In an exclusive deal, Apple Music will be the only place to stream Swift’s 1989 World Tour Live performance. Recorded on November 28 in Sydney, Australia, the video includes Swift’s entire on-stage performance, along with backstage and rehearsal footage. There’s no word on whether the concert will ever be available for purchase through other sources.

According to Recode, Swift collected a (presumably sizeable) paycheck as part of deal. In exchange, Apple will make Swift a major part of its marketing plans, with her likeness appearing on store displays and iTunes gift cards. She’s also appearing on Apple Music’s Beats 1 radio stream to hype up the concert.

The arrangement represents quite a reversal from June, when Swift criticized Apple Music for not paying out royalties to artists during users’ free trial periods. Apple quickly reversed its position, and Swift brought her latest album, 1989, to Apple Music—an exclusive among streaming services. Swift later explained to Vanity Fair that Apple treated her “like I was a voice of a creative community that they actually cared about.”

The whole ordeal may be provoking broader shifts in the streaming music industry. Last week, the Wall Street Journal reported that Spotify may let artists withhold music from the service’s free tier, which brings in far less revenue for musicians than Spotify’s $10 per month premium version. Swift is among several major artists who have pulled their entire catalogs from Spotify, feeling that the free version has devalued their work. Apple Music, by comparison, offers a three-month trial and free radio stations, but no free on-demand tier like Spotify does.

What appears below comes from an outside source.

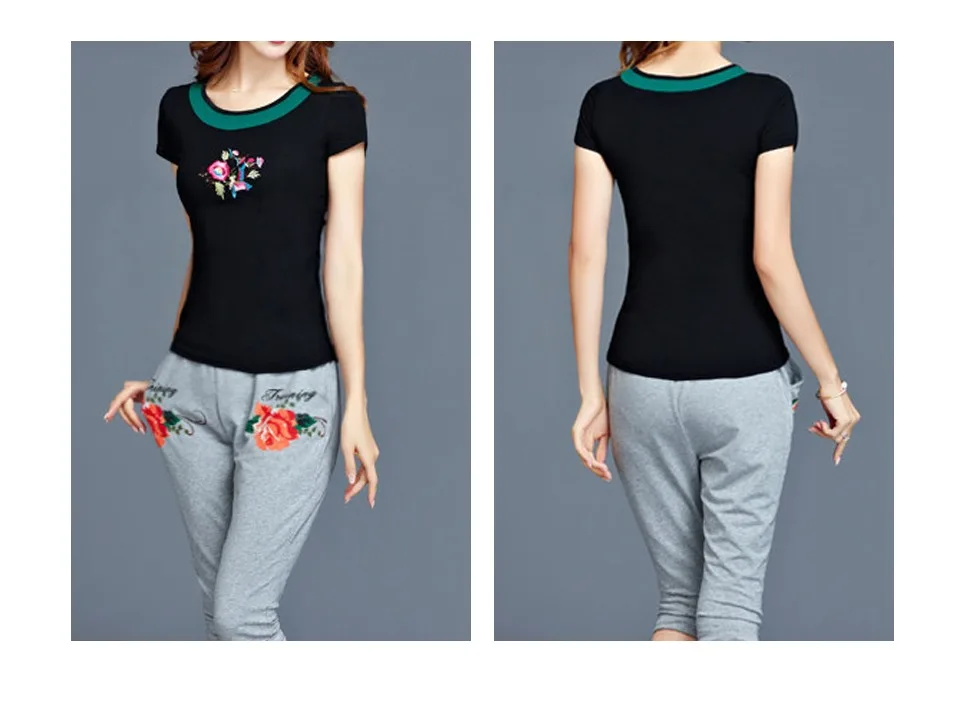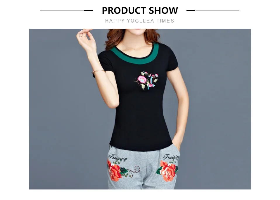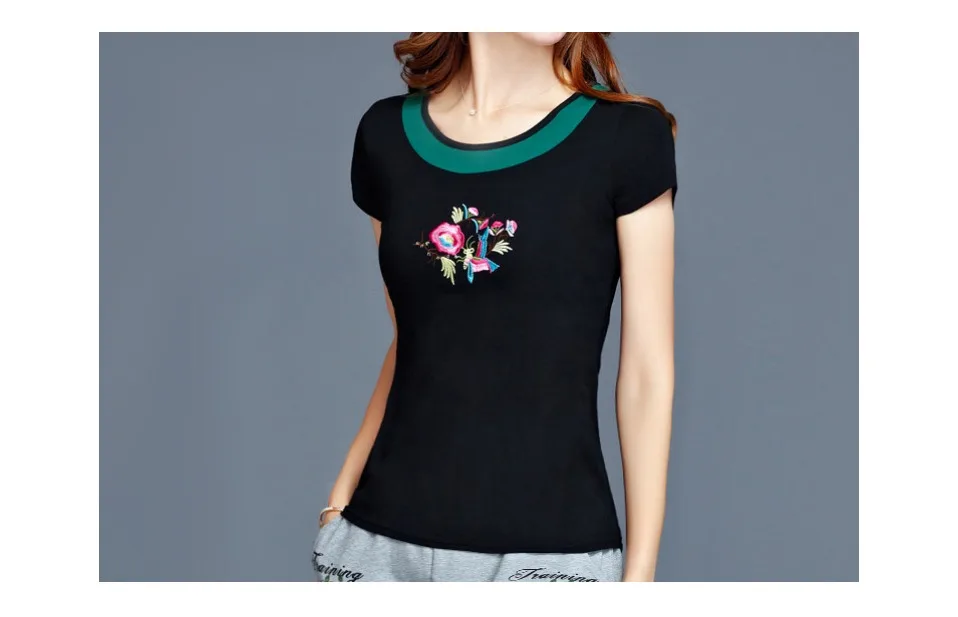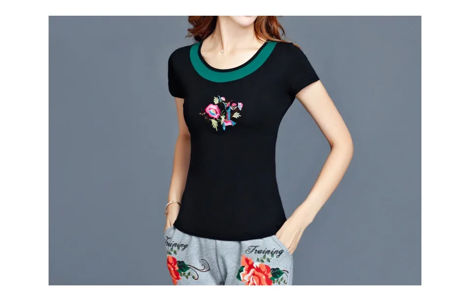 Летняя футболка с вышивкой, женская футболка с коротким рукавом и круглым вырезом, Женская однотонная Базовая хлопковая футболка, женские топы

Why this matters: The reality for subscription streaming music services is that they’re fairly similar, with just a handful of marginal features to distinguish them. That partly explains why Apple Music’s 6.5 million paid subscribers—while respectable for a fairly new service—is nowhere near Spotify’s 20 million members. Locking up exclusives is one way to stand out, so this could be a trend to watch even for people with no interest in Swift’s music.